For example, in the absence of a pedigree chart it is difficult to assess the apparent father-to-son heritability of a genetic predisposition to learn songs of a specific temporal structure. I am puzzled by the absence of any consideration of a maternal contribution to a genetic predisposition to song imitation – perhaps I have misunderstood, but this seems like an issue that the authors should address or acknowledge. A pedigree chart could certainly help sort this out.

Please see response to Essential revisions 3.

The role of genetic factors would also be strengthened by a multi-generational experiment showing the persistence of the genetic predisposition. While the manuscript's single-generation experiments are certainly compelling and clearly sufficient to demonstrate learning, a defining characteristic of a genetic influence is persistence across generations.

We appreciate that the reviewers, in consultation, decided that our ‘common garden’ approach was appropriate to support our conclusions. We provide below some additional discussion of the rationale for our experimental design.

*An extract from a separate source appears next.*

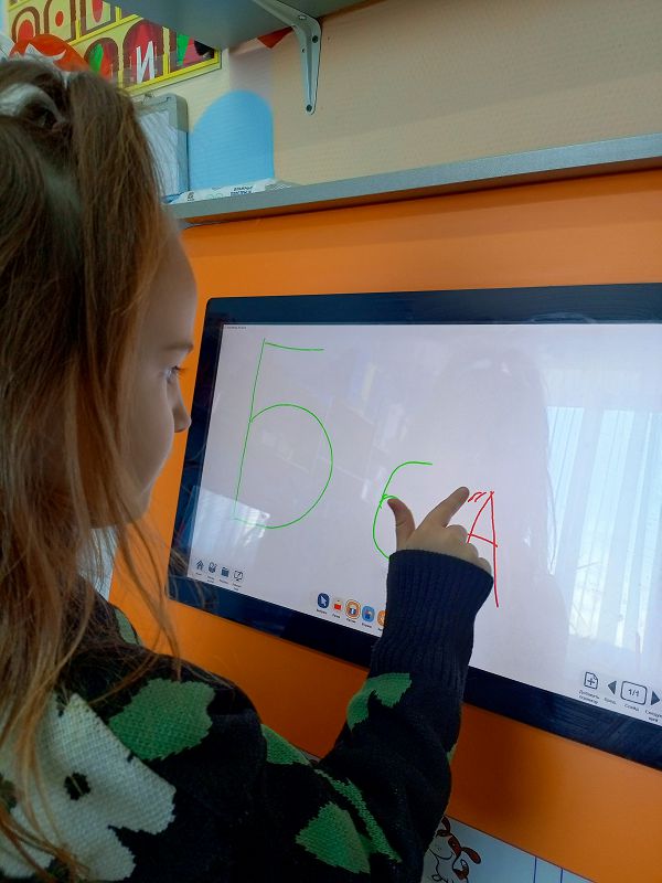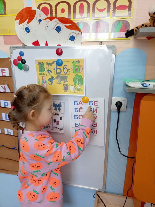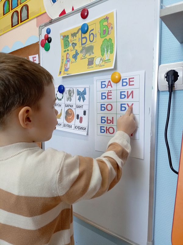 В подгруппе «Ромашки» прошло занятие с будущими школьниками. Началось занятие с развития мелкой моторики и моторики артикуляционного аппарата. Потом познакомились со звуками [б]- [б']. буквой «Б, б», научились правильно его произносить. В игровой форме ребята научились дифференцировать звук на слух в словах, закрепили понятия «согласный звук», «твердый (мягкий) согласный звук», «звонкий согласный звук». Каждый попробовал написать букву «Б» на экране логопедического комплекса и слепить её из пластилина. Учились читать слоги с новой буквой, поиграли в игру «Волшебный мешочек».

Parent-offspring regression (as was used in our previous work (Mets and Brainard, PNAS, 2018) to assess heritability of song tempo) and other forms of single or double generation studies (such as twin studies or sibling-sibling comparisons) remain the most common methods for assessing heritability. As reviewer 3 points out, it is now also common to use a different approach based on a full pedigree. This approach, termed the ‘animal model’, uses a linear mixed-effects model and is especially useful in natural settings where environmental variables cannot be controlled experimentally. The estimates of heritability provided by the animal model are fundamentally derived from the same source as parent offspring regression, sib-sib correlation, or twin studies: the correlation between the genetic relatedness of individuals and the phenotype of interest. Pragmatically, there are two main reasons to use the animal model in place of a direct sibling-sibling or parent-offspring comparison. First, the animal model takes into account the relatedness of all individuals in a population, giving better statistical power than can be obtained in a similar population using only parent-offspring regression. Second, this approach allows statistical control over measured parameters (e.g. sex, water availability, food availability, mean temperature, etc.…) when these are not under experimental control. These two features of the animal model are particularly useful in wild populations where experimental control is impossible and the number of animals in a study may be limited. However, this approach has a limitation which is particularly problematic in the context of culturally learned behaviors generally, and song learning in particular. For phenotypes that are influenced by the phenotype of the parent through experience (trans-generational environmental effect) and where environmental influences are not experimentally controlled across the population, heritability can be over-estimated; an individual may behave in a way that is related to his cousin not because of the genetic similarity between those individuals, but because they have the same grandfather whose behavior was passed on to his offspring (and then their offspring) through cultural transmission. Therefore, without the ‘common garden’ approach used here, estimates of heritability for song phenotypes would be exaggerated.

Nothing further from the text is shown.